While in Mombasa, we learned to drink Pimm’s Cup*, a cocktail that originated in England. Kenya has many British traditions stemming from the late 1800s, when the British occupied the country and established a protectorate there. A major ingredient of the drink is Pimm’s No.1, a deep golden-brown liquor named for James Pimm, owner of an English oyster bar, who created the liquor in 1859. Only six people are supposed to know precisely how it’s made. The exact ingredients and amounts are a secret known only to descendants of James Pimm and a chosen few.
Our first Kenya trip was the beginning of new friendships and contacts that would last through the years, helping us to stay in touch with the latest developments and discoveries in the world of gems.
We took some time out from our buying trip to visit a local game reserve. As we watched the fenced-in lions and cheetahs, we heard leaves rustling overhead. We looked up and saw a huge baboon staring down at us from a tree. He apparently was not a zoo resident but a freeloading monkey who knew a good thing when he found it. What nerve we had to invade his park! A few seconds later, he was standing in front of us!
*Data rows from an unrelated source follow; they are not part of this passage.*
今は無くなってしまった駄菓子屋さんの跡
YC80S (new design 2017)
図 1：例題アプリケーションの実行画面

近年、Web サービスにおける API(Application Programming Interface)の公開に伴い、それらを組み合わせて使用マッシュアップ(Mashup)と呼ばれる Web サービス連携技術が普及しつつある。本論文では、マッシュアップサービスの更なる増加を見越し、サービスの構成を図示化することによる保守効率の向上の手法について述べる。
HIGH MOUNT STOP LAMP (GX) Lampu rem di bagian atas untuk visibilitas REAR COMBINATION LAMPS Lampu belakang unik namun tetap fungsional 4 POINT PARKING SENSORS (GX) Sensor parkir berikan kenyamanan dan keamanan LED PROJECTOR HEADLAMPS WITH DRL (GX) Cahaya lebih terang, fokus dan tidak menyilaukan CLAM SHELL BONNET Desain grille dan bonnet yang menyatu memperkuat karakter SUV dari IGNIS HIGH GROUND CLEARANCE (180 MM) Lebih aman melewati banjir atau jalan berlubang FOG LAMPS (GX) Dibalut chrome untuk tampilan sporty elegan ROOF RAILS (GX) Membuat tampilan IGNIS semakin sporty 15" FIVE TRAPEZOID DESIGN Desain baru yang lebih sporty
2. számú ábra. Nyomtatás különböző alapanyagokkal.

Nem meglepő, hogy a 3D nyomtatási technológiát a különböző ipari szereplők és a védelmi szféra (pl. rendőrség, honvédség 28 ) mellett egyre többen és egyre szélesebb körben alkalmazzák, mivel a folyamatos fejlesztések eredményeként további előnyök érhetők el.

We turned and ran and he took off after us with his teeth bared and screaming diabolically. Luckily, he became bored before we collapsed. If he had wanted to prove a point, he certainly did. That recreational experience with the local wildlife kept us happily at work for the rest of the trip. Work was far less dangerous.
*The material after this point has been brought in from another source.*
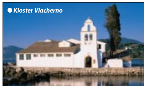
● Kloster Vlacherno

1. und 2. Tag: Sachsen - Venedig - Einschiffung Abfahrt 4.30 h früh mit unserem Transferbus über Hof, München nach Tirol. Weiter über den Brenner und Südtirol an den Gardasee (Aufenthalt). Zwischenübernachtung mit Abendessen am Gardasee oder Raum Verona. Ausgeruht geht es am nächsten Morgen nach dem Frühstück nach Venedig, wo wir an Bord unserer Komfortfähre gehen, die gegen 14 h nach Griechenland ausläuft. Bezug unserer Komfortkabinen mit Dusche/WC. Sie genießen „Erholung auf See“, während wir entlang der adriatischen Küste kreuzen. Kurzweiliges Bordleben mit individuellen Abendessen, Unterhaltung und Bordübernachtung.
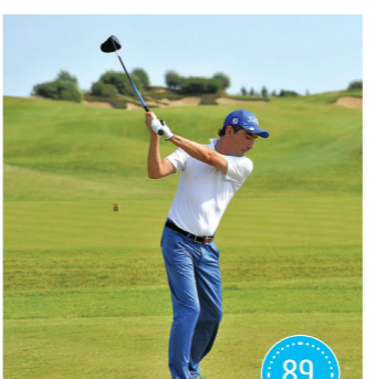
Завидово Конаковский р-н

“Throughout our stay, John’s gem expertise saved us from problems and disappointment,” Laura said. “During one visit to a local gem dealer, we were shown a large rough ‘tanzanite.’ John examined the stone and found it to be a deep purple blue scapolite, a rare and expensive gemstone -but not tanzanite. The dealer really believed it was tanzanite and he was surprised that a 28-year-old ‘kid’ knew more about stones than he did. That experience has been repeated many times in our gem travels, with John discovering the true identity of gems thought to be something else.”